Nanterre, tous des frères… et sœurs !

Sur les 487 licenciés du club, 99 femmes (précisément !) portent le maillot de Nanterre 92 cette saison. Une nouvelle dynamique débutée il y a quelques années après le chapitre mené au sein de la CTC Mont-Valérien. “C’est intéressant car il y a un nouvel élan au sein du club. Notre but est d’attirer un plus grand nombre encore de Nanterriennes. » Explique Kevin Donnadieu, responsable mini-basket. « On a aujourd’hui des joueuses débutantes mais aussi des plus confirmées.” 

Auparavant, il n’existait qu’une seule équipe de U11. Aujourd’hui, le club compte des équipes de U11 jusqu’au sénior.
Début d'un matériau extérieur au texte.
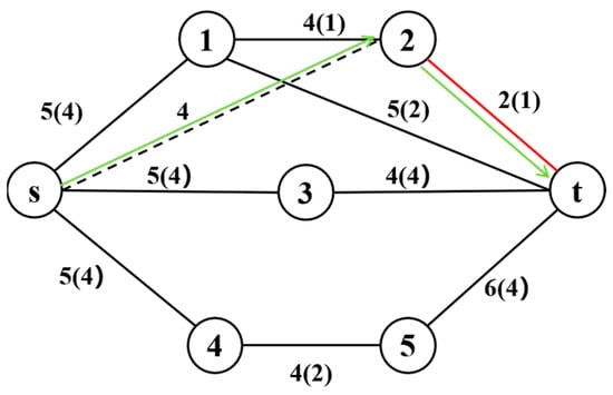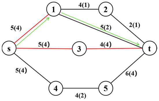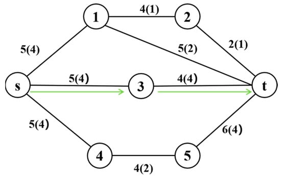 By leveraging backup links, the defender can substantially reduce the shortest path length after an attack. This concept is illustrated with a simple example below. Consider the network shown in Figure 1, where the defender attempts to transmit a message from node  to node . Each link is labeled with its transmission delay, and the defender’s objective is to minimize the message delivery time. Parenthetical values indicate the increased delays for traversing links when the links are attacked. The attacker’s goal is to maximize the shortest message delivery time. Before any attack, the shortest transmission path of the network is  → 3 →  (shown as a green solid line), with a total delay of nine. Then, as shown in Figure 2, when the attacker is allowed to interdict up to three links, the optimal attack strategy (marked by red solid lines) intercepts links (, 1), (, 3), and (, ). In this context, the defender’s shortest available path becomes  → 1 → , resulting in a total delay of 14. Suppose the defender has preconfigured a protected backup link (, 2) with a transmission delay of four, as shown in Figure 3. Since this link cannot be attacked, the attacker’s best strategy shifts to targeting (2, ). Consequently, the defender’s new shortest path becomes  → 2 → , with a total delay of 7, demonstrating how backup links can halve the post-attack delay from 14 to 7.

Cette équipe entraînée par André Morais a été créée cette année. “J’ai débuté cette saison parce que je me suis blessé. C’est une nouvelle expérience pour moi.” Actuellement deuxième du championnat de D2 départementale, la saison de son équipe se passe “super bien”. “L’ambiance est très bonne et les filles sont contentes de ma façon d’entraîner. Il y a de l’échange et du partage. Je partage mon amour et mon expérience du basket et je suis très content de ça !

 

“Ça transpire Nanterre !”  

Pour Johanna Adile, joueuse en sénior et coach des U13, le développement des sections est une réussite sportive et humaine. “Après la CTC, ça change d’avoir une identité nanterrienne pour les filles. Elles sont motivées, elles ont les couleurs, ça transpire Nanterre ! Elles vont voir les matchs des unes et des autres. On a même réussi à faire des sorties pour voir des matchs d’équipes professionnelles.”
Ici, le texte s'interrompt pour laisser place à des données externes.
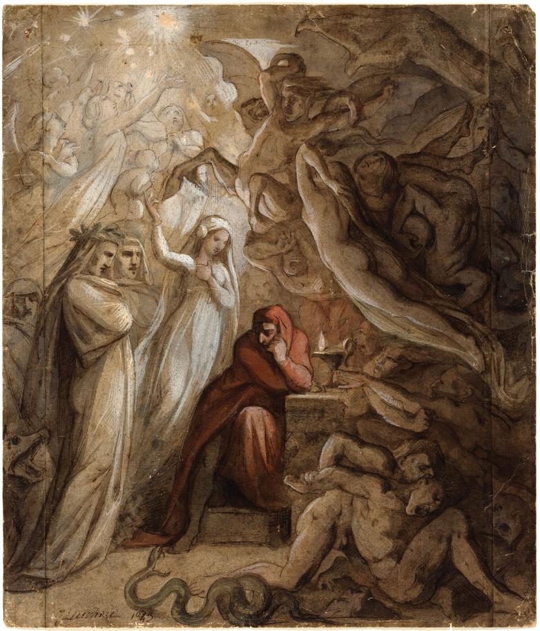 All twenty-two works on view through July 16 in Going through Hell: The Divine Dante are from the National Gallery’s own collection. We are fortunate to hold many objects, primarily from the Prints and Drawings collection, which relate to the writer and his work. Our library’s Rare Book Collection includes early printed and beautifully illustrated editions of the Commedia. Auguste Rodin’s The Thinker had its origin in Dante’s Hell, as imagined for Rodin’s door of The Gates of Hell. Never installed in the sculptor’s lifetime, this single bronze figure went on to be recognized as one of the greatest sculptures in European art. Works from well-known artists such as William Blake and Robert Rauschenberg are installed near evocative images by artists that are known to only a few, like Bartolomeo Pinelli, William Etty, or Béla Szabó, all inspired by Dante. It shouldn’t be a surprise that many artists responded to and illustrated scenes from the Inferno, or Hell. While the hope of purgatory and the pleasures of paradise are always appealing, seeing the punishments of Hell is the stuff of nightmares from which we cannot look away! Dante’s genius continues to reach out, and his writing remains relevant to our tumultuous time.

Le club a créé cette année un camp exclusivement réservé aux filles, c’est une réussite avec plus de 25 inscriptions sur l’édition du mois de décembre. “ Il y avait même des joueuses extérieures au club et je trouve ça top. Ça c’est super bien passé avec beaucoup de travail individuel. C’était bon enfant.” Prochaine édition du Women JSF Camp lors des prochaines vacances scolaires.  
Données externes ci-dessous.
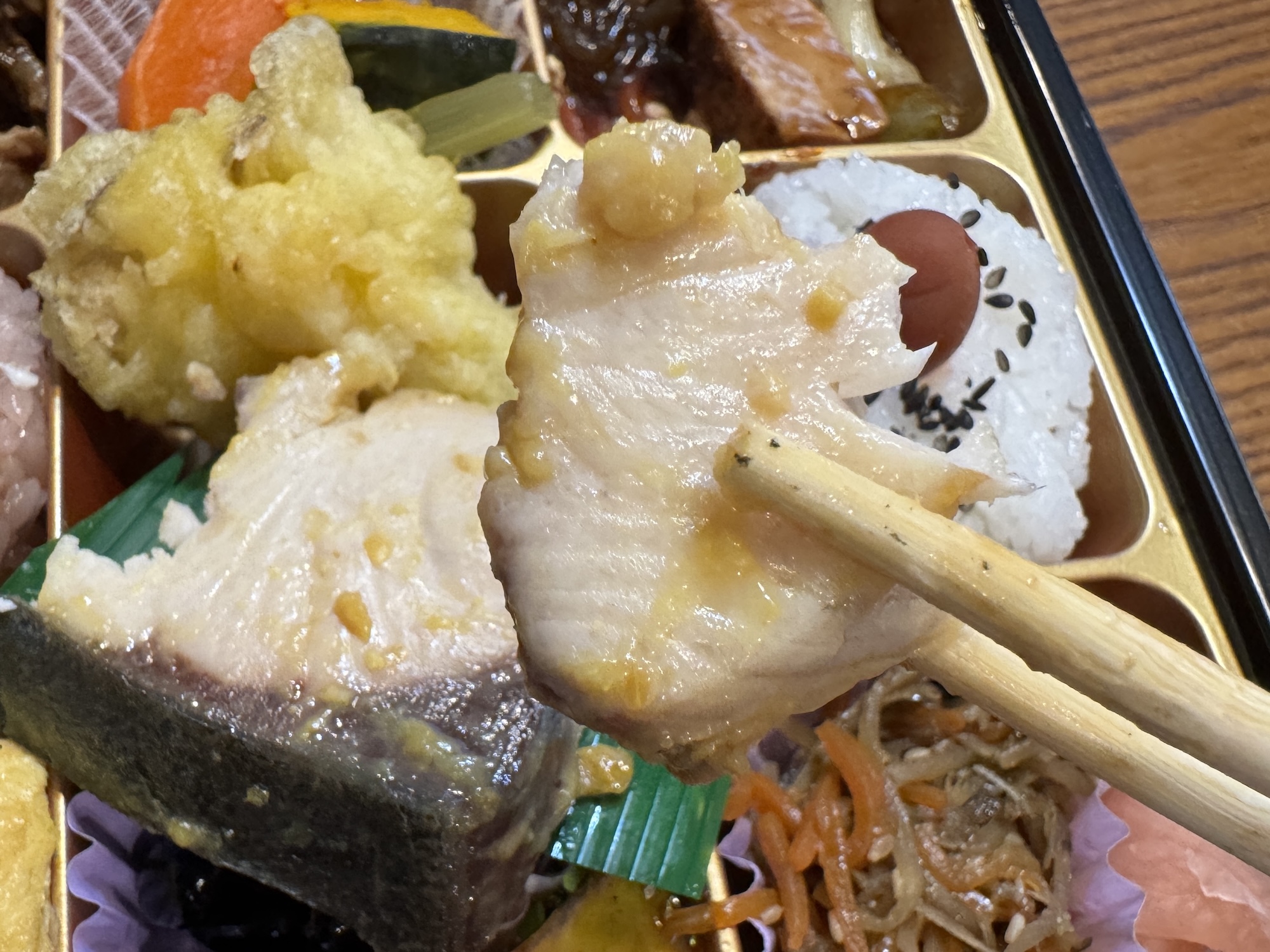 日本人は「いろんなものをちょっとずつ食う」のが大好きな民族である。今回の一件で私の幕の内弁当に対する意識は180度変わった。ヨソの幕の内弁当がどうかは経験不足のため不明だが、少なくともサミットの「彩り幕の内御膳(活〆ぶり西京焼入)」はわざわざ土日に出かける価値がある。最優秀賞はダテじゃないっ!

Pour le futur, les objectifs du club sont de bénéficier d’une ou plusieurs équipes régions sur les prochaines saisons et, pourquoi pas, créer de nouvelles équipes. En espérant voir passer d’autres joueuses de talent comme Imane Loubibet (au centre sur la photo ci-dessous), qui évolue désormais à l’INSEP et qui est la première nanterrienne à avoir intégré l’INSEP.